PROBLEM DESCRIPTION: Extract the lines of the material below, beginning with the first and ending with the line that holds "Illustration of filtration". Skip every picture.

DATASET EXTRACT:

+ + + + + + +

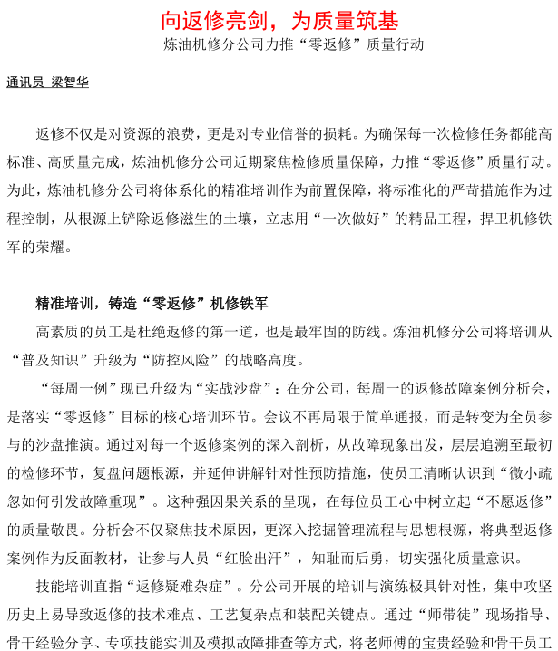 煉油機修分公司力推“零返修”質(zhì)量行動
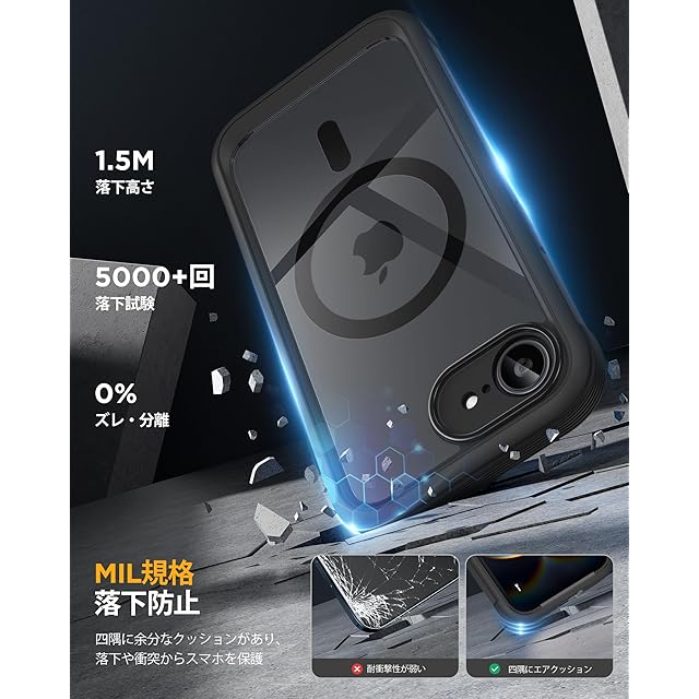 【使い易い】iPhone 16e (6.1インチ)ケースとして、適正なサイズ設計デザインにより、ワイヤレス充電、サイドボタン操作、スクリーンタッチなどもスムーズに扱えます。着脱簡単、右下隅からケースを分離します。二重フィルムはタッチ不良を起こすので、別のガラスフイルムを貼り付けないでください。
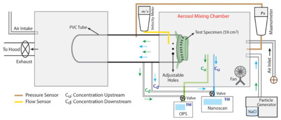 Illustration of filtration efficiency test setup using aerosolized NaCl. Reprinted with permission from [71]. Copyright © 2020 American Chemical Society.
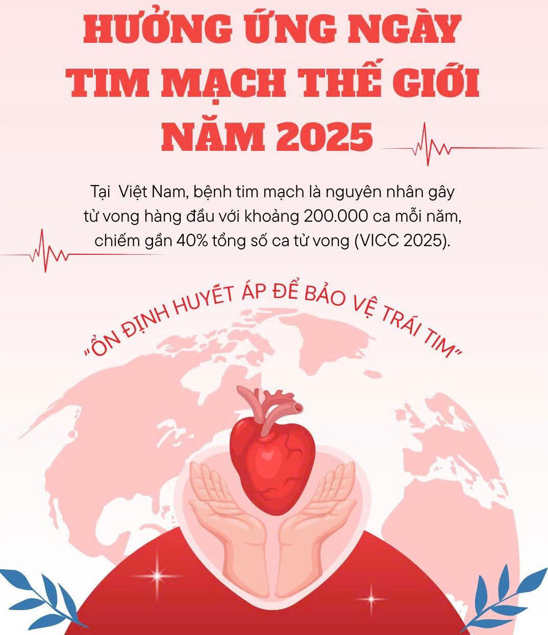 Tại Việt Nam,bệnh tim mạch là nguyên nhân gây tử vong hàng đầu với khoảng 200.000 ca mỗi năm, chiếm gần 40% tổng số ca tử vọng (VICC 2025). Tuy nhiên, 80% cơn đau tim và đột quỵ có thể phòng ngừa được nếu cộng đồng chung tay hành động vì một trái tim khỏe mạnh.Đáng chú ý, tỷ lệ mắc bệnh ngày càng trẻ hóa do lối sống ít vận động, chế độ ăn uống thiếu lành mạnh và căng thẳng kéo dài. Ngày 29/9 hằng năm được Liên đoàn Tim mạch Thế giới (World Heart Federation) phát động từ năm 2000 là Ngày Tim mạch Thế giới, nhằm nâng cao nhận thức cộng đồng và kêu gọi hành động phòng ngừa bệnh tim mạch.
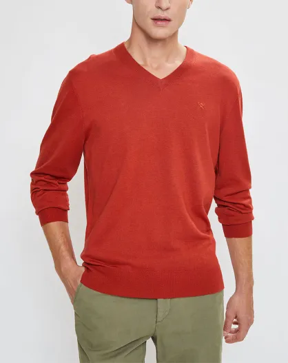 Pull en Laine mélangée col V coudières orange/rouge
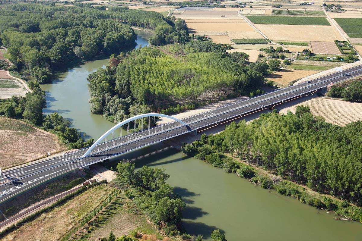 El puente más reciente es el puente arco sobre el Ebro (Millanes, Martínez y Solera, 2017), aguas abajo de Logroño, a media distancia entre el aeropuerto y la ciudad, a la altura del enlace de Recajo, cuyas obras incluyeron asimismo la conexión de la circunvalación de la ciudad (LO‑20), dando alternativa al paso de 15 000 vehículos diarios, entre el acceso desde Zaragoza por la margen derecha, a través de la AP‑68, y la autovía A‑12, en la margen izquierda, que conduce a Pamplona.
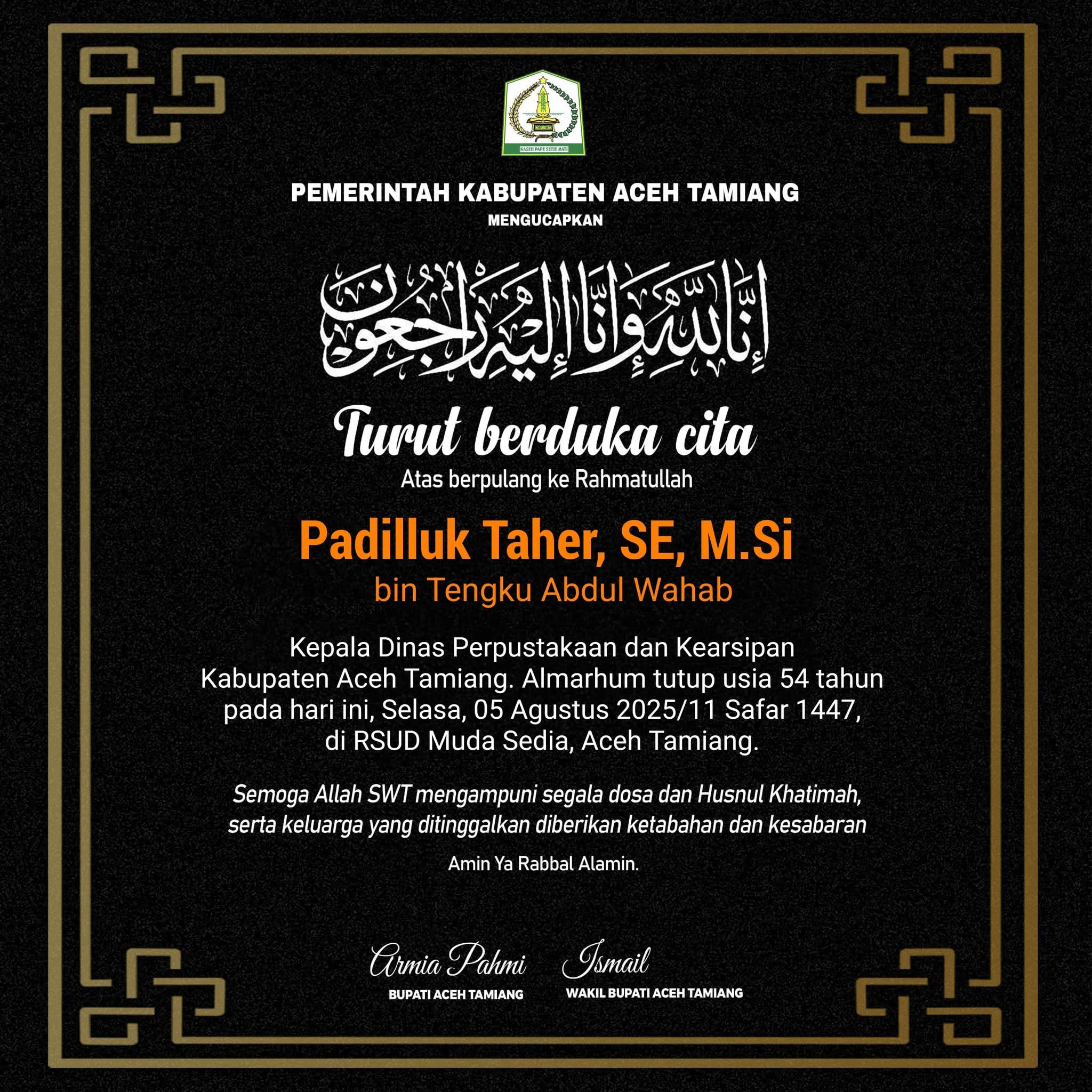 Diketahui, almarhum Padilluk Taher dilantik sebagai Kepala Dinas Perpustakaan dan Kearsipan pada 27 Desember 2022, berdasarkan Surat Keputusan Bupati Aceh Tamiang dalam rangka mutasi dan promosi pejabat eselon II.
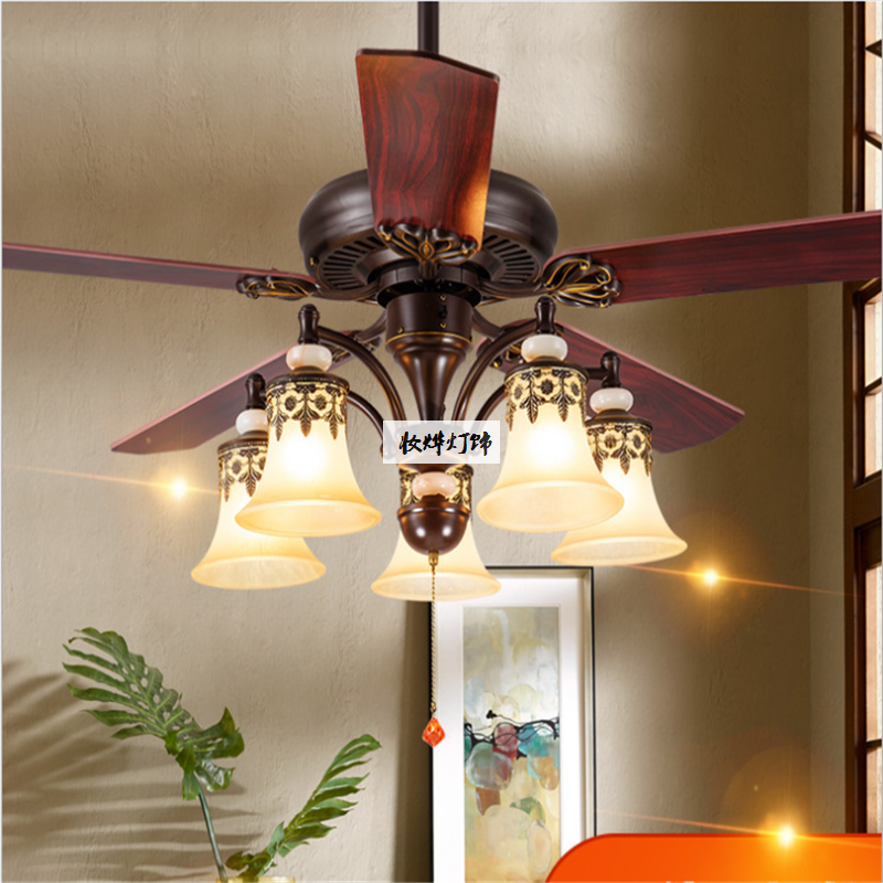 美式电风扇灯吊扇仿古客厅卧室书房风扇吊灯带灯餐厅装饰吊扇
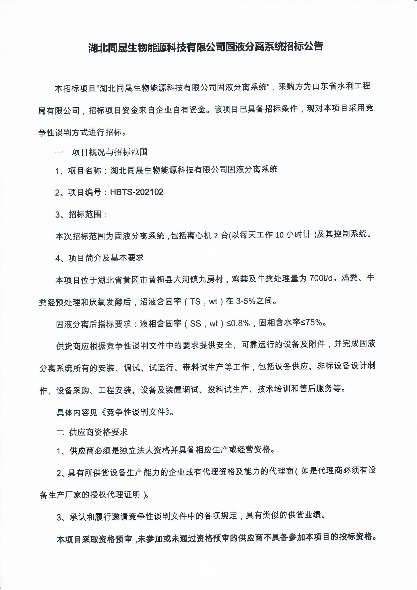 湖北同晟生物能源科技有限公司固液分離系統(tǒng)招標公告
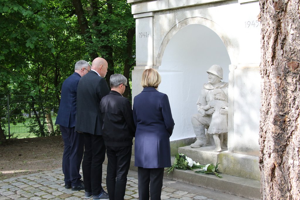 Nach der Kranzniederlegung am Mahnmal durch die Verterter fast aller Parteien sowie einiger Bürger zog man weiter zum sowjetischen Ehrenfriedhof um auch hier Blumen niederzulegen.
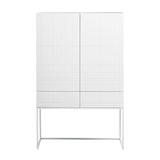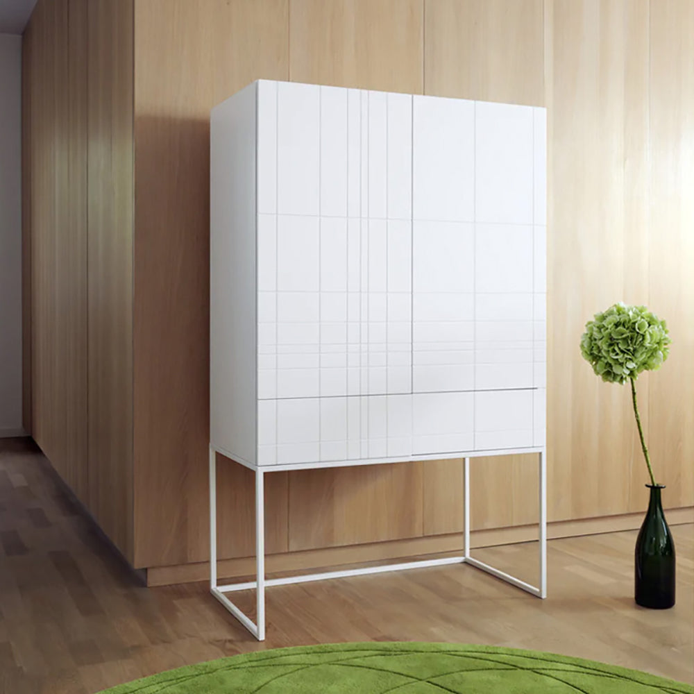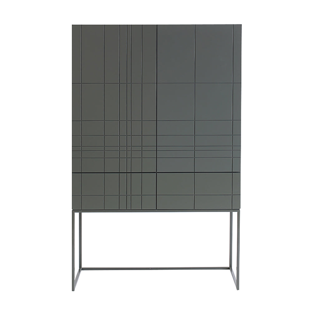 Swedish maker Asplund adds a vertically oriented cabinet to its striking Kilt Light series by Claesson Koivisto Rune. Concealing generous storage behind 2 doors, 90 also adds 2 side-by-side drawers at the bottom. Expressly made in Sweden, the lacquered MDF unit is available in a range of Nordic hues with a geometric pattern that riffs on a classic tartan. The powder-coated metal base is available either to match or in a contrasting color.

+ + + + + + +

ANSWER TO THIS PROBLEM:
 煉油機修分公司力推“零返修”質(zhì)量行動
 【使い易い】iPhone 16e (6.1インチ)ケースとして、適正なサイズ設計デザインにより、ワイヤレス充電、サイドボタン操作、スクリーンタッチなどもスムーズに扱えます。着脱簡単、右下隅からケースを分離します。二重フィルムはタッチ不良を起こすので、別のガラスフイルムを貼り付けないでください。
 Illustration of filtration efficiency test setup using aerosolized NaCl. Reprinted with permission from [71]. Copyright © 2020 American Chemical Society.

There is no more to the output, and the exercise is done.